Comment 1 Ulrich Müller 2010-04-08 09:48:30 UTC

Reported upstream, see URL.

Comment 2 Ulrich Müller 2010-04-17 18:01:24 UTC

Fixed in CVS upstream:
<http://alioth.debian.org/scm/viewvc.php/XEmacs/packages/xemacs-packages/games/snake.el?root=xemacs&r1=1.4&r2=1.5>

Comment 3 Hans de Graaff 2010-08-13 13:46:12 UTC

This is fixed with app-xemacs/games-1.20 which got added to the tree today.

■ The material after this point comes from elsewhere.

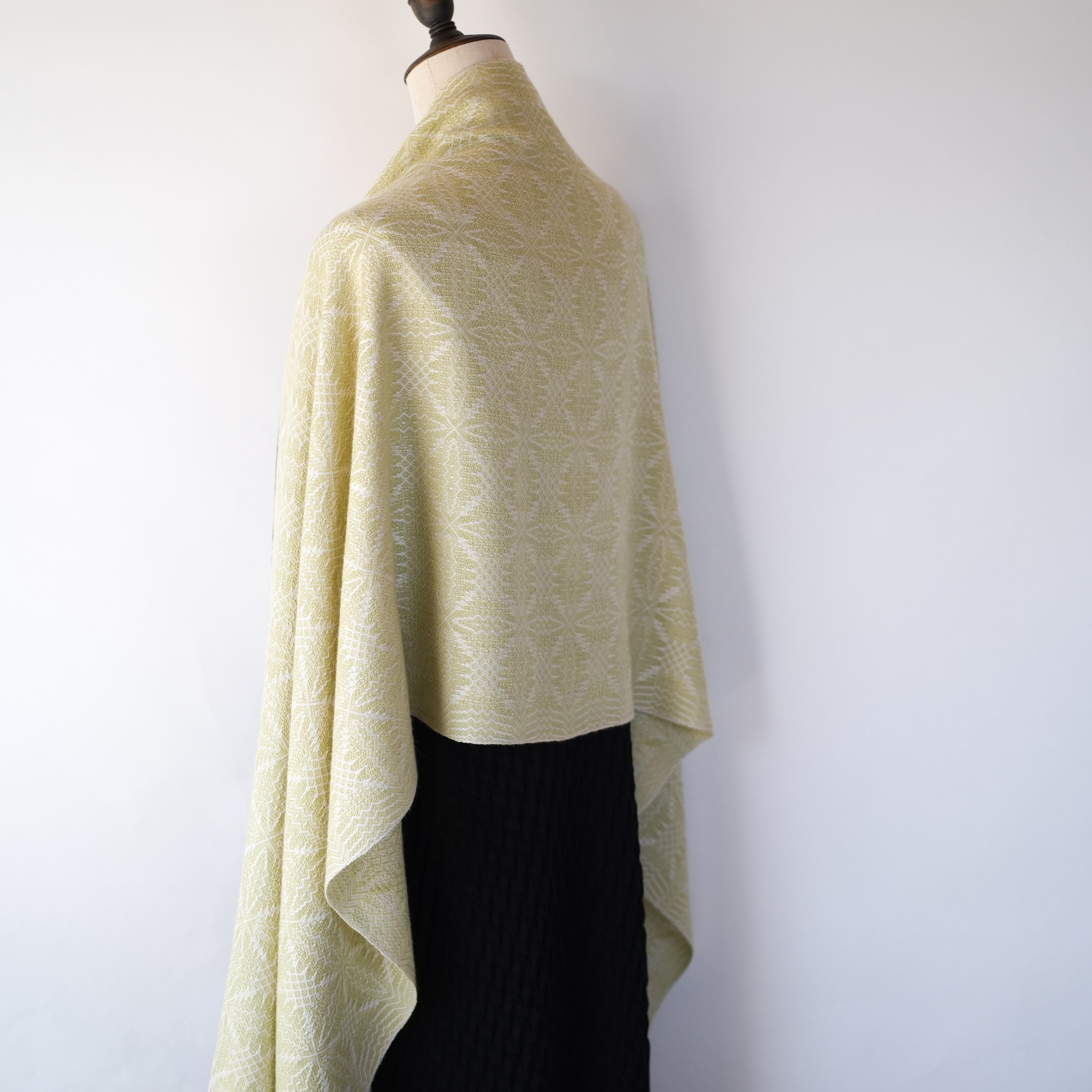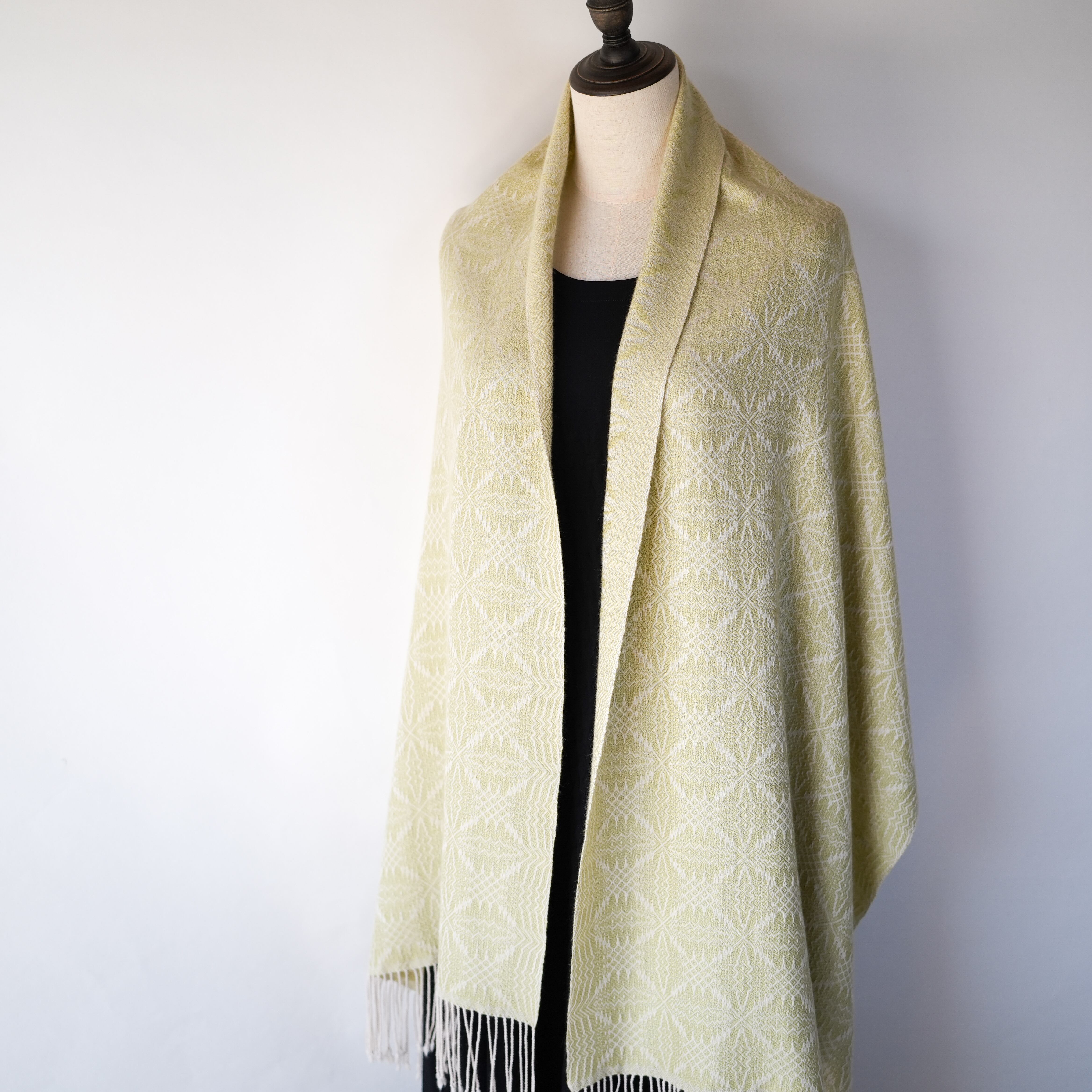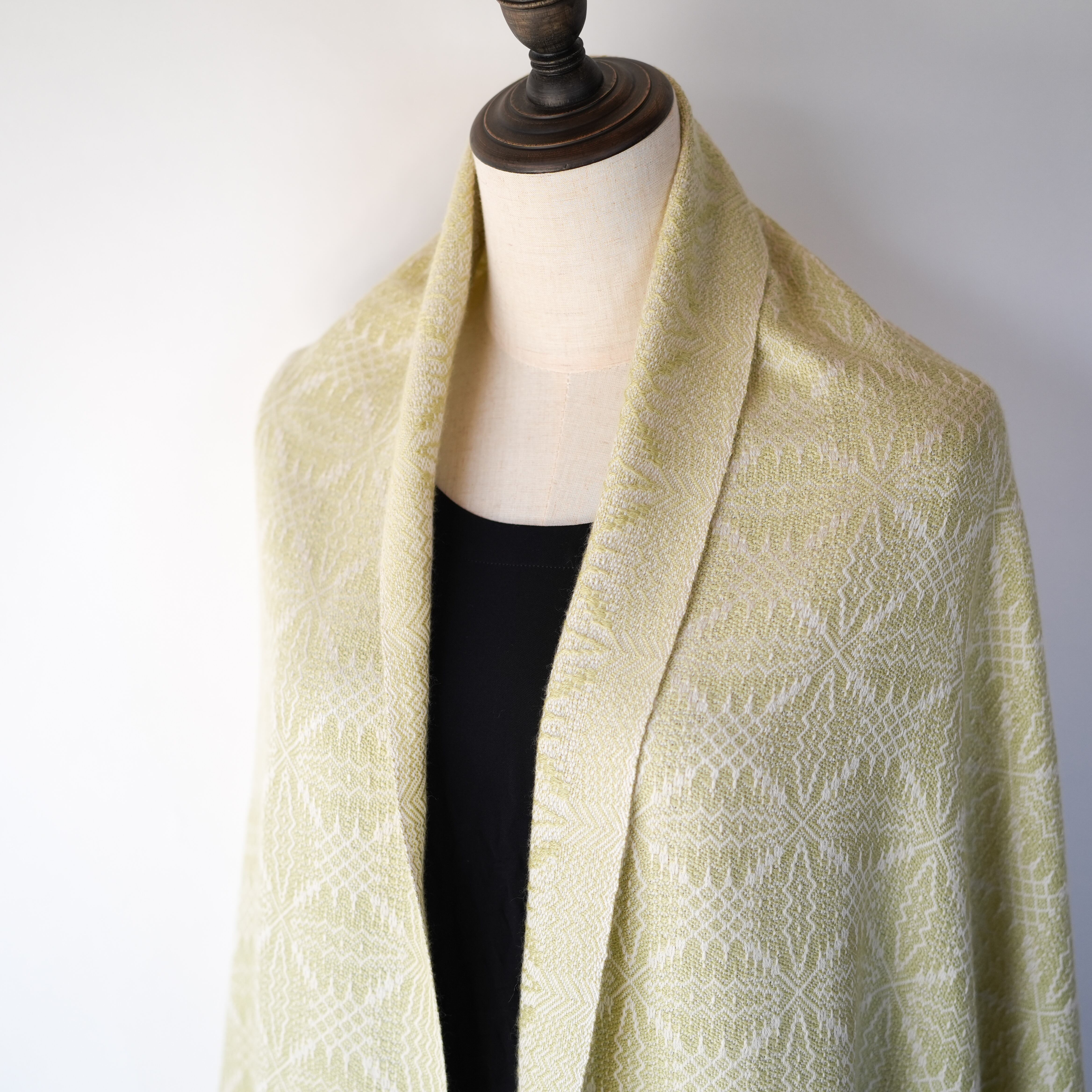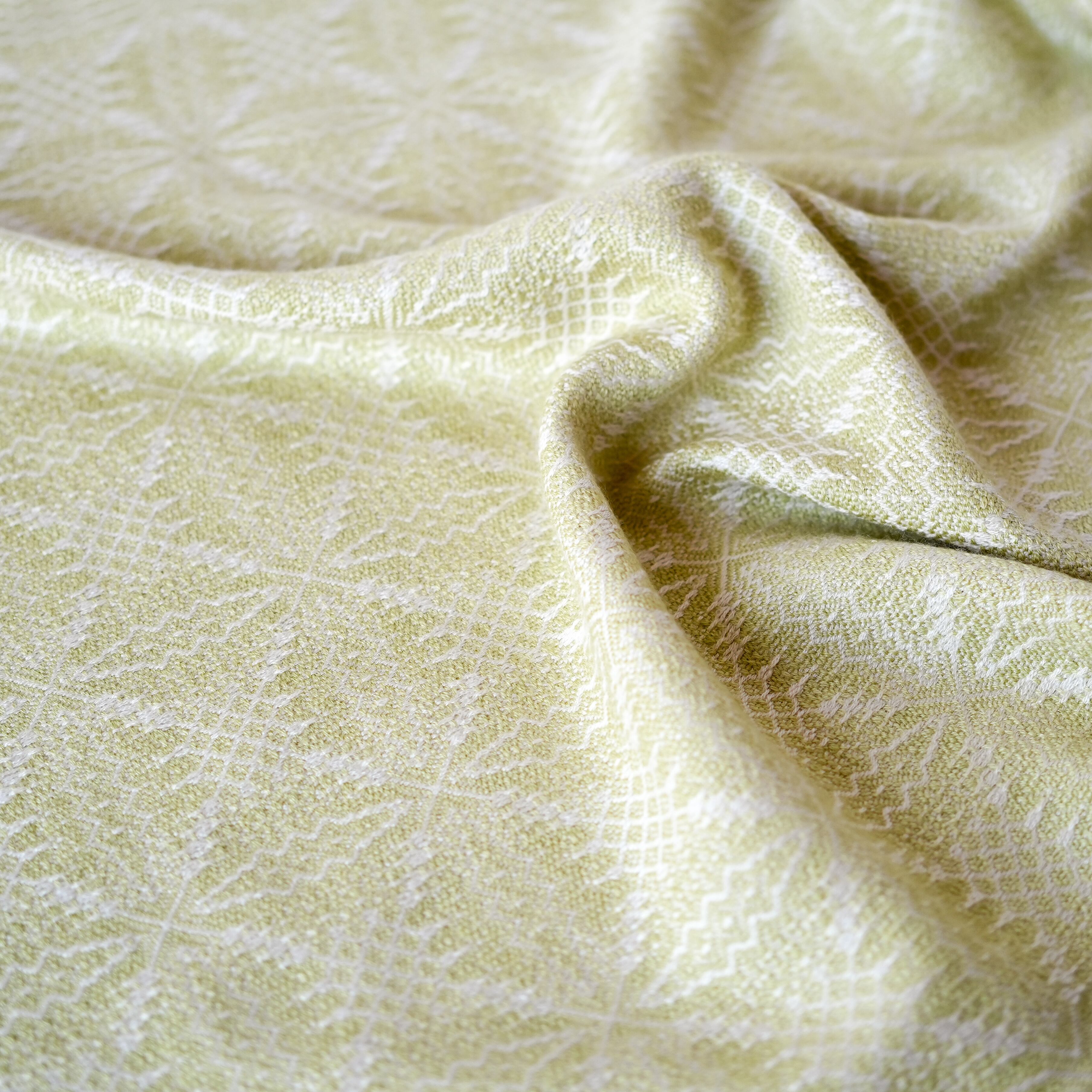 温かみのあるアイボリーをたて糸に、淡いトーンの黄色味のライトグリーン(若苗色)をよこ糸に、細やかで複雑な柄を織り出しました。たて糸とよこ糸の色相の差が少なく遠目では無地のようにも見えますが、光の反射の仕方で光沢感のある紋様がはっきりと浮かび上がり、控えめながらも華やかさのあるストールです。表と裏で織柄と色の出方が反転するので、纏い方でいろいろな表情を楽しめます。春や秋は広げてアウターの代わりに、冬は首元に小さく巻いてマフラーのように、また、上品な光沢があるのでフォーマルな場にもお使いいただけます。春に芽吹いた若草のような優しい色合いのライトグリーンで、シンプルで洗練された大人コーデのポイントにお勧めのストールです。

Comment 4 Stefan Behte (RETIRED) 2010-09-22 22:53:37 UTC

Arches, please test and mark stable:
=app-xemacs/games-1.20
Target keywords : "alpha amd64 ppc ppc64 sparc x86"

Comment 5 Markos Chandras (RETIRED) 2010-09-23 20:16:25 UTC

amd64 done

Comment 6 Markus Meier 2010-09-26 09:16:58 UTC

x86 stable

Comment 7 Tobias Klausmann (RETIRED) 2010-09-26 15:55:35 UTC

Stable on alpha.

Comment 8 Raúl Porcel (RETIRED) 2010-10-10 17:06:24 UTC

sparc stable

Comment 9 Brent Baude (RETIRED) 2010-10-15 12:47:50 UTC

ppc done

Comment 10 Mark Loeser (RETIRED) 2010-10-25 22:19:15 UTC

ppc64 done

Comment 11 Tim Sammut (RETIRED) 2010-11-19 18:22:17 UTC

GLSA Vote: Yes, reluctantly.

Comment 12 Stefan Behte (RETIRED) 2010-11-21 17:10:53 UTC

I think this would usually get a GLSA, but this symlink vulnerability would only be relevant on a shared system, and why would you install games there in the first place? It also needs X ... I think this will never be exploited IRL. 

Closing noglsa, feel free to reopen.